The actions taken by Cedar Fair to safeguard the health of its guests and associates had a significant impact on the Company’s 2020 financial results. As previously reported, the Company suspended operations at its parks beginning on March 14, 2020, in response to the spread of COVID-19 and local government mandates. In accordance with local and state guidelines, the Company resumed partial operations in 2020 at 10 of its 13 properties on a staggered basis beginning in mid-June through mid-July.
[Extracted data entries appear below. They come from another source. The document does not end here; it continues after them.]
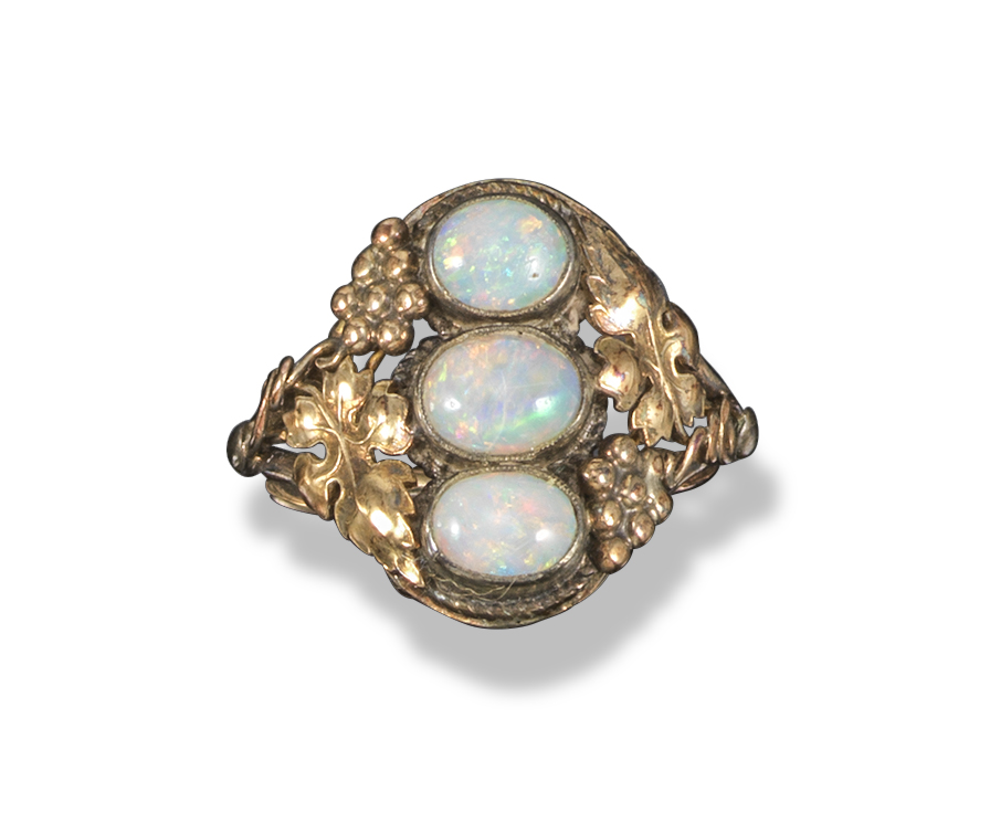 An opal three stone ring, possibly attributed to Edward Spencer, c1905, mounted with three oval opals in vine tendrils and grape cluster frame, size M
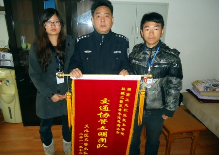 天心区交警大队为志愿者颁发“交通协管文明团队”锦旗
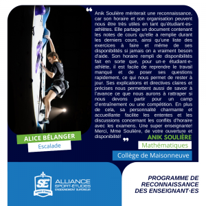 This entry was posted on vendredi, avril 11th, 2025 at 14 h 46 min and is filed under . You can follow any responses to this entry through the <a href='https://www.cmaisonneuve.qc.ca/anik-souliere-honoree-pour-son-soutien-exceptionnel-envers-une-etudiante-athlete/cdm_anik-souliere/feed/'>RSS 2.0</a> feed. Both comments and pings are currently closed.
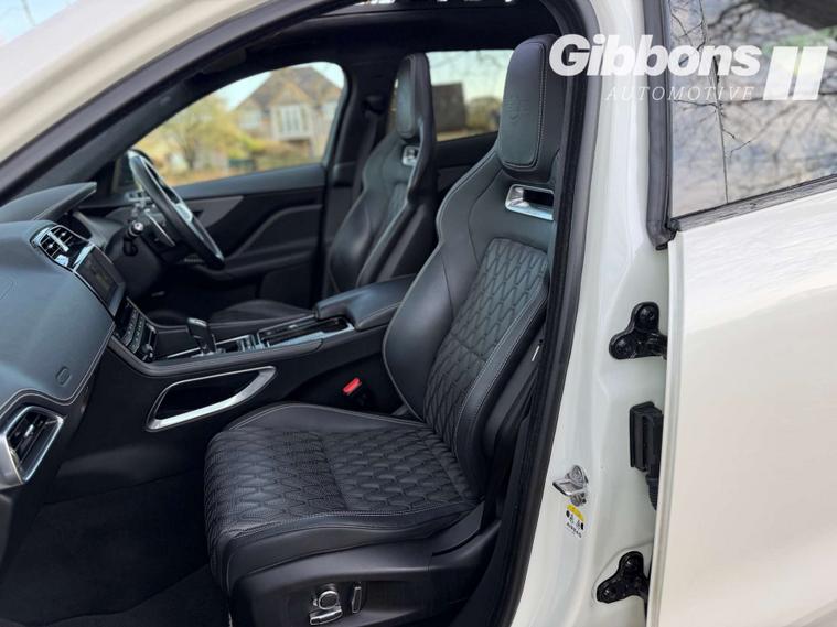 Step inside and feel the comfort of the Lozenge Quilted Leather seats in Ebony-Ebony. This Jaguar F-Pace is the epitome of sophistication and performance, making every drive a memorable one.
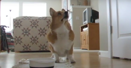 主人每天都超期待把狗食灑到地上,因為當食物一落地,小柯基失控的行為會讓你笑到沒聲音!
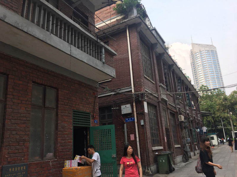 第二个目的地——北京路步行街。北京路步行街是外地人来广州必去的地方,那里有文化古迹,也有独特的集市景象。大家边走边拍,有的同学甚至还玩起了直播!走完了北京路,我们进入了老城区的小巷当中,带台湾师生观看了饱含历史韵味的古老建筑,具有浓厚生活气息的小杂货铺、剪发摊等。途中,领队的同学们还租来了共享单车,让台湾的师生感受了广州的生活方式。
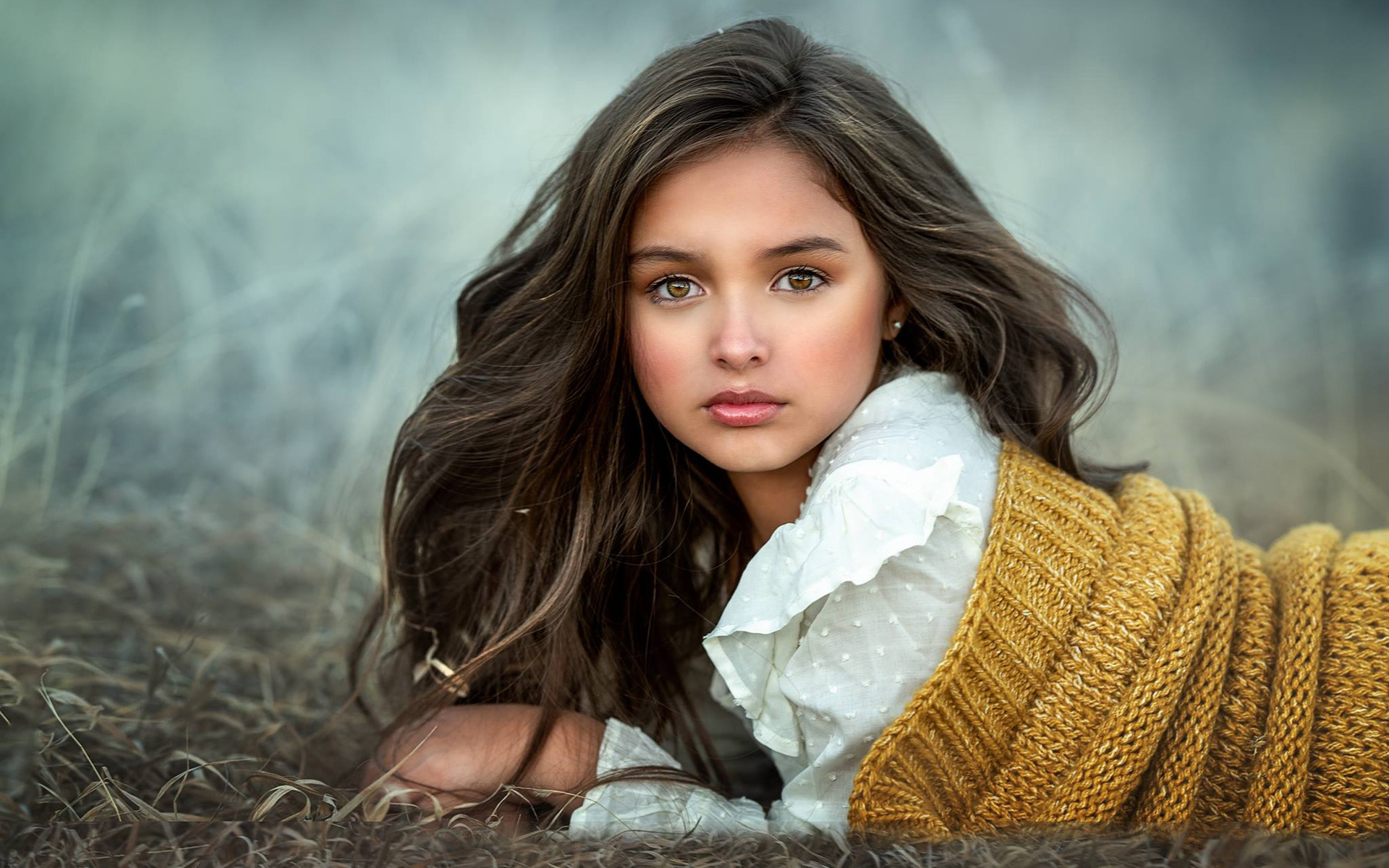 Description: A woman laying on the ground with her hair blowing in the wind and wearing a sweater and a scarf.
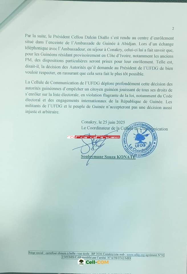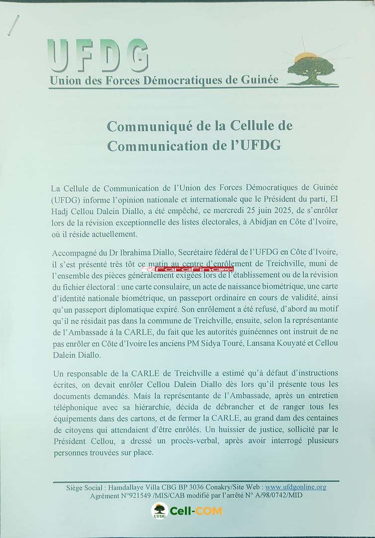 #ACTU_POLITIQUE_GUINÉENNE. « La Cellule de Communication de l’Union des Forces Démocratiques de Guinée (UFDG) informe l’opinion nationale et internationale que le Président du parti, El Hadj Cellou Dalein Diallo, a été empêché, ce mercredi 25 juin 2025, de s’enrôler lors de la révision exceptionnelle des listes électorales, à Abidjan en Côte d’Ivoire, où il réside actuellement…». C’est ainsi que la Cellule de Communication de l’UFDG a annoncé la mauvaise nouvelle …

Two parks – Cedar Point and Kings Island – remained open after Labor Day, operating on weekends through the end of October, while two additional parks – Carowinds and Kings Dominion – reopened on weekends in November and December to host abbreviated versions of their very popular WinterFest events. Following the onset of the pandemic, operations at Knott’s Berry Farm were limited to culinary festivals, which are not included in the Company’s attendance or in-park per capita spending figures after the first quarter.

Given the effects of the coronavirus pandemic on park operations, results for 2020 are not directly comparable to results for 2019, which included full operations of the legacy Cedar Fair parks, as well as operations of the two Schlitterbahn water parks after their acquisition on July 1, 2019. In 2020, the Company had 487 total operating days, excluding the culinary festivals at Knott’s Berry Farm, compared to 2,224 operating days in 2019.
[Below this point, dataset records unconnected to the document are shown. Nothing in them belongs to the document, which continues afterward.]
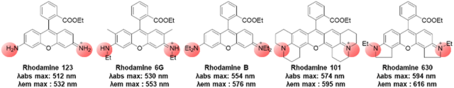 推-拉型荧光物质中的烷基胺充当电子供体基团,与它们的亚胺形式结合,显著影响荧光物质的发射特性。当从罗丹明 123(–NH2)转变到罗丹明 6G(–NHEt)和罗丹明 B(–NEt2)时,其发射波长分别从532 nm移动到553nm和576nm。二烷基胺取代的罗丹明(如罗丹明 B、罗丹明 101 和罗丹明 630)的发射波长排序为:二乙胺(576nm)< 久洛尼定(595nm)< 乙基吲哚(616nm)(见图 3)。从中可以看出,更好的电子供体氨基团有助于实现这些罗丹明染料最大发射波长的红移。然而,仅通过修改单氨基取代基不能使最大发射波长达到深红区,因此,在必要的情况下可以使用“二氨基”取代基。
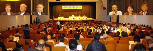 集会は、まず、「安全に生きる権利」を主題としたシンポジウム。福島第一・第二原発のある双葉郡で40年にわたり原発反対運動をつづけ、現在、故郷は避難指示地域となり、秋田市内のお姉さん宅にお孫さんと身を寄せている石丸小四郎・福島県双葉地区原発反対同盟代表、国際環境NGO FoE(地球の友) Japanで森林問題、国際金融と開発問題にとりくみ3.11以降は、脱原発・持続可能なエネルギー政策の実現に向けた各種活動に従事している満田夏花さん、消費者の立場から、食の安全・監視市民委員会事務局長や、脱グローバリゼーションの運動「脱WTO/FTA草に根キャンペーン」やTPP問題のとりくみの中心を担っている山浦康明・日本消費者連盟事務局長の3人のパネリストとコーディネータ役の江橋崇平和フォーラム代表(法政大学教授)が討論しました。江橋代表の主催者あいさつを兼ねた提起を受けて、それぞれ問題提起。石丸さんは「広島、長崎への原爆投下をはじめ、日本ほど放射能の怖さを体験した国はない。自然エネルギーへの転換を本気で考えるべき」と訴え、山浦さんは食品の放射線汚染を巡る情報開示が不十分だとして「政府や自治体に自分たちで正確な情報を開示させることが必要。生存権が脅かされてはならない」と呼びかけました。
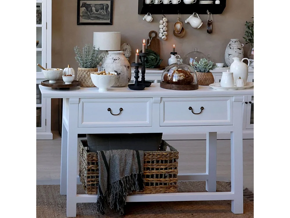 Table de service desserte en bois de pin recyclé blanc 150 x 40 x 85cm
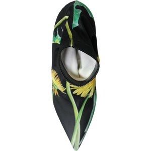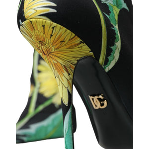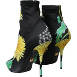 Dolce & Gabbana Black Floral Jersey Stretch Ankle Boots Shoes
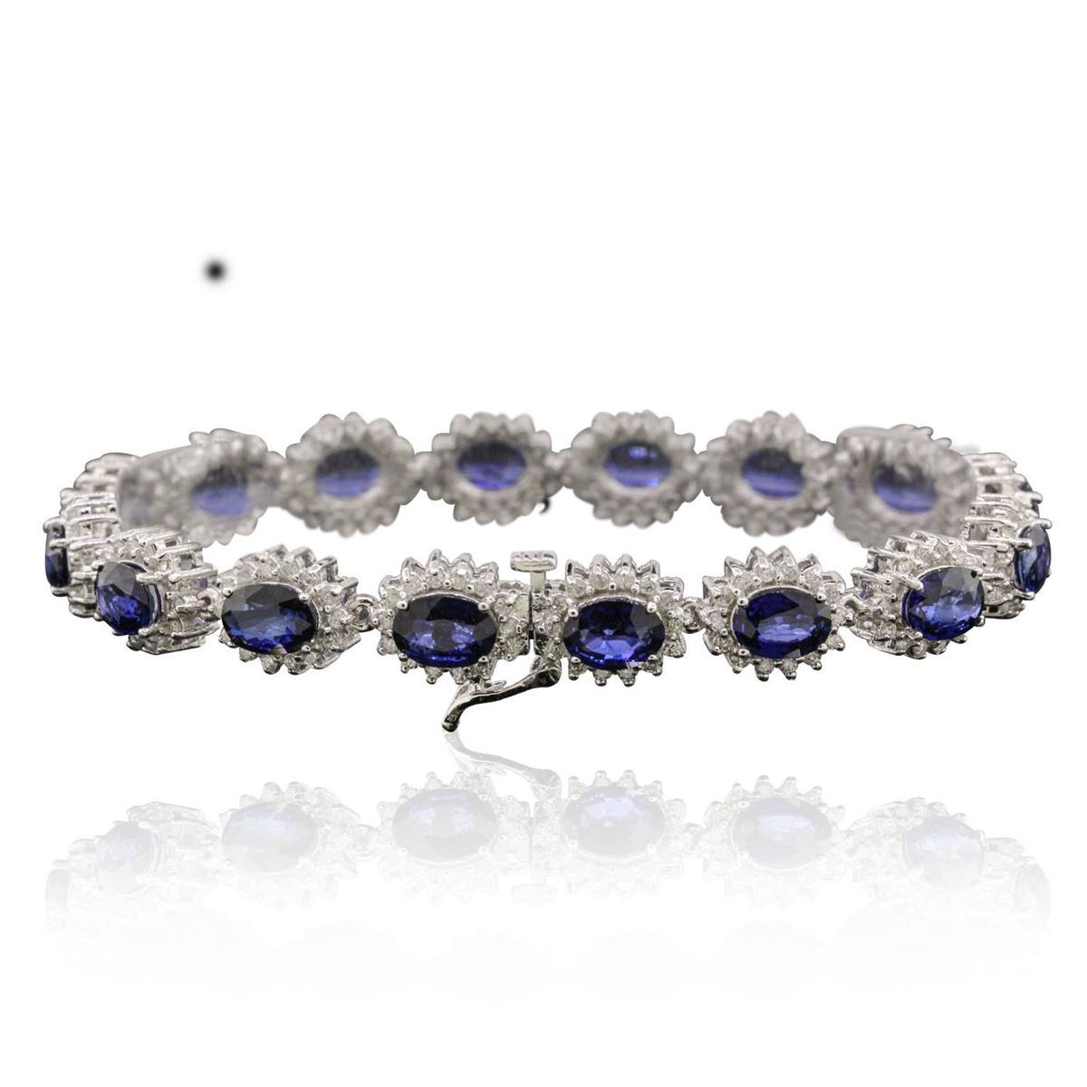 One electronically tested 14KT white gold ladies cast & assembled sapphire and diamond bracelet with a bright polish finish. Condition is new, good workmanship. Seven and one-quarter inch length bracelet features a flexible sapphire and diamond floret ribbon, terminating in a concealed clasp with safety. Identified with markings of "14K". Containing: Sixteen prong set oval mixed cut natural blue sapphires, measuring 6.90 x 5.00 x 2.60mm, 6%. bulge factor, approximate. Total Weight of 12.48ct., clarity is slightly included, type II, medium dark, moderately strong, blue color, (GIA B 6/4), cut is good. Transmitting light with a minimum of distortion, transparent. Naturally occurring internal & external characteristics are present. Measurements & the color grade are an average for the group. Indications of laboratory high temperature diffusion treatment. Graded in the setting. Two Hundred Twenty-Four prong set round brilliant cut diamonds, measuring 1.40 - 1.30 x 0.81mm (depth est.) approximate. Total Weight of 224 Stones = 2.10ct. Graded in the setting. Clarity: I-1 to I-2. Color: G - I. Total Weight of Colored Stones 12.48ct. Total Weight of Diamonds 2.10ct. Total Weight of Bracelet 20.85 grams. AIG Appraised at $13,905.00.

For the full year ended Dec. 31, 2020, net revenues totaled $182 million versus $1.47 billion for 2019. The decrease in net revenues was the direct result of a 25.3 million-visit decrease in attendance and a $101 million decrease in out-of-park revenues, with both shortfalls due to COVID-19-related park closures and operating calendar changes in 2020, as well as the negative impact of the pandemic on demand upon reopening.

In-park per capita spending in 2020 decreased by 4% to $46.38 compared to $48.32 in 2019. This year-over-year decline was attributable to decreases in guest spending on extra-charge attractions, primarily front-of-the-line Fast Lane products, and admissions resulting from a higher season pass mix. These declines were offset in part by higher in-park per capita spending on food, merchandise, and games.

Fewer operating days in 2020, combined with cost-saving measures implemented in response to disrupted park operations, led to a decrease in operating costs and expenses for the year. For 2020, operating costs and expenses totaled $484 million compared with $991 million for 2019, representing a year-over-year decline of 51%, or $507 million. Depreciation and amortization expense in 2020 was $158 million versus $170 million in 2019, largely due to a prior period change in estimated useful life of certain long-lived assets. During the year, the Company also recognized a $104 million loss on impairment of goodwill and other intangibles, which was triggered by the impacts of the COVID-19 pandemic and included impairment of goodwill at the Schlitterbahn parks and Dorney Park, as well as the Schlitterbahn trade name.

After the items noted above, the Company’s operating loss for 2020 totaled $572 million, compared with operating income of $309 million for 2019. The operating loss was the result of the 88% decline in net revenues, offset by the $507 million decrease in operating costs and expenses between years.

Interest expense for 2020 was $151 million, up from $100 million in 2019, due primarily to incremental interest incurred on the Company’s 2025 senior secured notes issued in April 2020, its 2028 senior unsecured notes issued in October 2020, and the 2029 senior notes issued in late June 2019. The net effect of the Company’s swaps resulted in a $16 million charge to earnings during 2020, compared with a $17 million charge in 2019. The difference reflects the change in fair market value movements in the Company’s swap portfolio. During 2020, the Company also recognized a $12 million net benefit to earnings for foreign currency gains and losses related to the U.S.-dollar denominated Canadian notes, compared with a $21 million net benefit to earnings for 2019.

For the full year, a benefit for taxes of $138 million was recorded to account for publicly traded partnership taxes and federal, state, local and foreign income taxes, compared to a tax provision of $43 million in 2019. The benefit for taxes was attributable to the Company’s 2020 pretax loss, as well as benefits from the Coronavirus Aid, Relief and Economic Security Act.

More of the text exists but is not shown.